● Task goal
Below is a listing. Write out exactly its lines between the one holding "패션 프렌치 쉬폰 하이" and the one holding "レッド スカート yingd61631537641", inclusive.

● Data to process
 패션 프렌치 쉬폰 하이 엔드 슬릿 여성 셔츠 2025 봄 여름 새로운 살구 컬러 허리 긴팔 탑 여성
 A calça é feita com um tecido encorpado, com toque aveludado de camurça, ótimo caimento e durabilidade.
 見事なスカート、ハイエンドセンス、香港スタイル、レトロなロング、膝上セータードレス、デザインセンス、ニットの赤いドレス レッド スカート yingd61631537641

==

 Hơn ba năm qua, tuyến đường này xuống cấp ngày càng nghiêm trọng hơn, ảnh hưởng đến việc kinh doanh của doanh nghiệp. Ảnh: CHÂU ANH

● Response to this task
 패션 프렌치 쉬폰 하이 엔드 슬릿 여성 셔츠 2025 봄 여름 새로운 살구 컬러 허리 긴팔 탑 여성
 A calça é feita com um tecido encorpado, com toque aveludado de camurça, ótimo caimento e durabilidade.
 見事なスカート、ハイエンドセンス、香港スタイル、レトロなロング、膝上セータードレス、デザインセンス、ニットの赤いドレス レッド スカート yingd61631537641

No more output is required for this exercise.